-- DATA TO PROCESS follows --
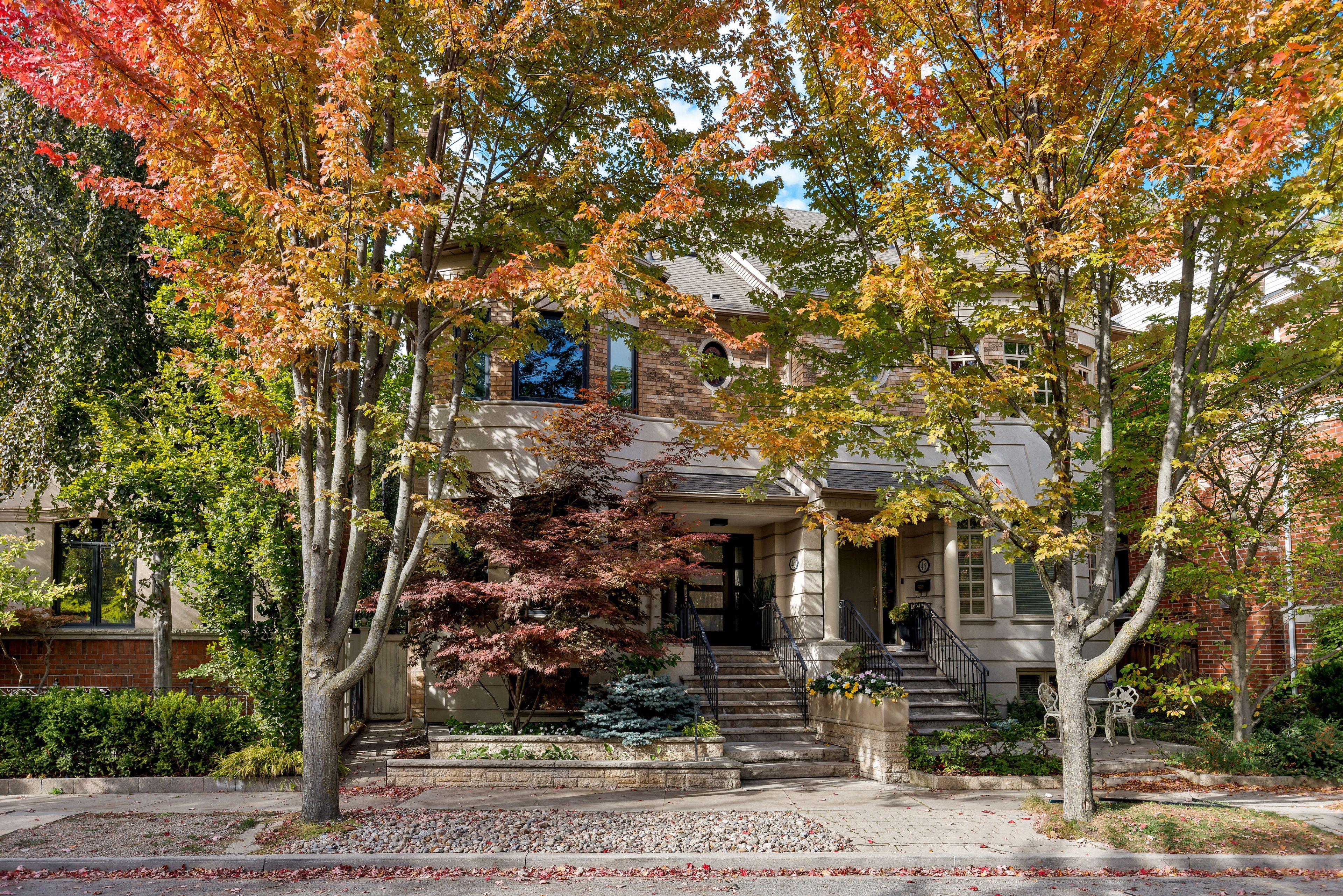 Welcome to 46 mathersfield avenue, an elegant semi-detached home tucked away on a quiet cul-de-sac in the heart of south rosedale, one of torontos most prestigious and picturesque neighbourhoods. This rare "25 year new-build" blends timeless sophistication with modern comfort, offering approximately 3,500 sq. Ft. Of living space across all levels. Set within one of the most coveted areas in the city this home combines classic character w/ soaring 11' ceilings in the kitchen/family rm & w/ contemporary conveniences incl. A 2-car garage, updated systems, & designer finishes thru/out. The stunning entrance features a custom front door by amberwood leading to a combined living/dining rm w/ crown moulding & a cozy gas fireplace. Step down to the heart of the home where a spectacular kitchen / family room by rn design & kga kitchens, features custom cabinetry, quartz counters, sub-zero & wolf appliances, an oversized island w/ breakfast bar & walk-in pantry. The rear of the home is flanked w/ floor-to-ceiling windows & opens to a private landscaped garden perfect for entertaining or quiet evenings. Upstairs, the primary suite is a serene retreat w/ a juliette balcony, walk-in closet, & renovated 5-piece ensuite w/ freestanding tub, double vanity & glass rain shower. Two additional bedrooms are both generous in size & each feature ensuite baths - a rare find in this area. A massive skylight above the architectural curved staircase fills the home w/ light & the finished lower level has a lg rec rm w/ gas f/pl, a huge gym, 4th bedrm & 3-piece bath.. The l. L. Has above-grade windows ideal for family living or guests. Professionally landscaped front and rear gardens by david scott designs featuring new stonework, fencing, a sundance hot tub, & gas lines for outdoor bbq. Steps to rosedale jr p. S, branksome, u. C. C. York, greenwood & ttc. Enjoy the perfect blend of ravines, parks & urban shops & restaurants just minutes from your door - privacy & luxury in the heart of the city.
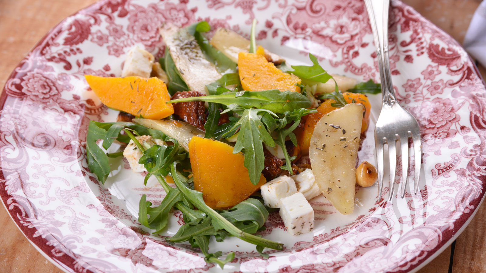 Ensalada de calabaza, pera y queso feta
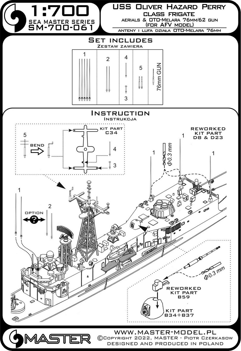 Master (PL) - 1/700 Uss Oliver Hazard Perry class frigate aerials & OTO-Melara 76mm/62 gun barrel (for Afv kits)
-- DATA TO PROCESS concluded --
-- DATA TO PROCESS follows --
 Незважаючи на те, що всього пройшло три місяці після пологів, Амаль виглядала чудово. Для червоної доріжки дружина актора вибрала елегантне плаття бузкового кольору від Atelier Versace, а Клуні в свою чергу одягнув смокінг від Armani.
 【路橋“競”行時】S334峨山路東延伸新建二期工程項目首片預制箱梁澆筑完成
-- DATA TO PROCESS concluded --
-- DATA TO PROCESS follows --
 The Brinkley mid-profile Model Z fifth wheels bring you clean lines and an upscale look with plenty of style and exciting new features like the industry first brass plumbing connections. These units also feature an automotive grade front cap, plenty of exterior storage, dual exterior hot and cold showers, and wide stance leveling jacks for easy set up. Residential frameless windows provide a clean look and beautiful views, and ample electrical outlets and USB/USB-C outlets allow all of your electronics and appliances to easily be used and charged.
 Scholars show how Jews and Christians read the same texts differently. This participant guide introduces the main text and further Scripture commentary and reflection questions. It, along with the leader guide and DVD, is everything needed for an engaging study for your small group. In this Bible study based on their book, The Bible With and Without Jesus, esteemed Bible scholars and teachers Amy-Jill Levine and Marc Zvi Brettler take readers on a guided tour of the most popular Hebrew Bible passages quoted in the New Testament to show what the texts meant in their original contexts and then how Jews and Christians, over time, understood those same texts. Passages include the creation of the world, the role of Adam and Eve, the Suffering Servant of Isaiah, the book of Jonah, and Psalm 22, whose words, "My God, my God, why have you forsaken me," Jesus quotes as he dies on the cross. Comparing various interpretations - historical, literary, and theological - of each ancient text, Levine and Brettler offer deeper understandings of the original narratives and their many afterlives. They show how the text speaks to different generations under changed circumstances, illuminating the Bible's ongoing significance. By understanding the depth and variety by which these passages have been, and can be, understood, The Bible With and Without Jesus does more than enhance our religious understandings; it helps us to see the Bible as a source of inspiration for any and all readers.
-- DATA TO PROCESS concluded --
Given the listing above, retype only the span of lines from the line with "Ensalada de calabaza, pera y queso feta" up to and including the line with "Master (PL) - 1/700", exactly as it stands and without pictures.

 Ensalada de calabaza, pera y queso feta
 Master (PL) - 1/700 Uss Oliver Hazard Perry class frigate aerials & OTO-Melara 76mm/62 gun barrel (for Afv kits)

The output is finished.